ChiefGrownup's picture

Because the husband is miserable and sees no end in sight, that's why. I wouldn't want a mouthy 22 year old living in my house, either.

ChiefGrownup's picture

22 is waaaaaaaaay too old to be living at home. Your dh has put up with 4 years too many and that is a lot.

By keeping that kid under your roof all this time and allowing him the laze all day, be mouthy at times lifestyle, you have kept him a teenager. I know you didn't mean to do it and you love him to bits and wanted to do the best for him. But you kinda tied the kid to your apron strings without realizing it.

But I also agree that if you've had him all this time, 8 weeks to graduation is reasonable to allow him. Work up a plan to get the boy out and on in his own. Present this plan to your dh and ask him for the extra time. Implement the plan instantly.

That means tell kid he must start designing a resume in his off hours. That resume has to be done be such and such date. Tell him he's expected to do volunteer work in those off hours, too. And he's supposed to go apartment hunting. And have a savings account. He's supposed to have enough saved so that he can do the deposit and all that right after graduation.

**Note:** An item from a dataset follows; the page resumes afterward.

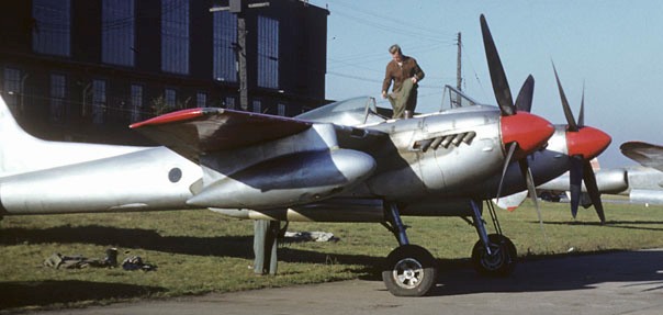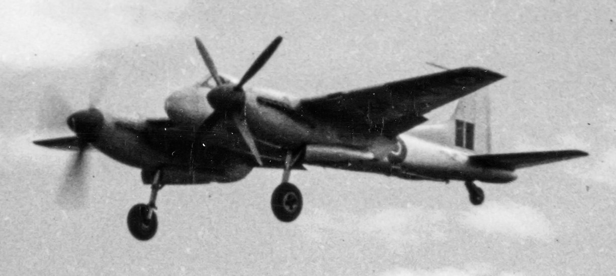 The Hornet NF.21 was designed to fill a need for a naval night fighter. Special flame-dampening exhausts were installed, and a second basic cockpit was added to the rear fuselage, just above the wing trailing edges. ASH radar equipment was placed in the rear of this cockpit, with the radar operator/navigator seated facing aft. To gain access, a small trapdoor was provided in the lower fuselage; a fixed, teardrop-shaped bubble canopy, which could be jettisoned in an emergency, provided a good field of view. At the front of the aircraft, the nose underwent a transformation with the small rotating ASH radar dish being housed under an elongated “thimble” radome. The horizontal tail units were increased in span. The effect of these modifications on performance was minimal; about 4 mph (6 km/h). (Wikipedia)

Think up all those practical things he's going to need, set out a time table, and make him do them. Really, you need to do all this anyway. But if you get real organized and serious about it, your dh may be willing to give your the extra 8 weeks.

moeilijk's picture

I don't know. Where I live now, kids often stay at home until well into their 20s. But I left home at 17. I think it depends on culture, preparation, expectations, and some kind of mutual pact to respect each other.

If your BS is acting like a teen (mouthy, lazy) then your DH will be glad to see the back of him. But he's been doing this way past the teen years. So that's not cool for your home life.

My approach on parenting is this: the kid starts out not being able to do a thing for themselves. Can't even lift up their little bobble-heads. But when they're grown-ups, they can travel the world, do anything, be anything they wish (and are willing to work for). And that transition didn't happen by magic, it happened by parenting.

So if your BS is technically an adult, but isn't behaving like an adult, some of the responsibilities of adulthood are still being held by you. To what extent are you enabling? If you look at yourself, can see where helping might have crossed over into enabling?

And if you can see areas that you can give BS HIS responsibilities, then all of this should become much easier for all three of you.

My4kidsmom's picture

Thanks guys. I'm sharing the words of wisdom with DH and we are going to talk tomorrow about ground rules and deadlines.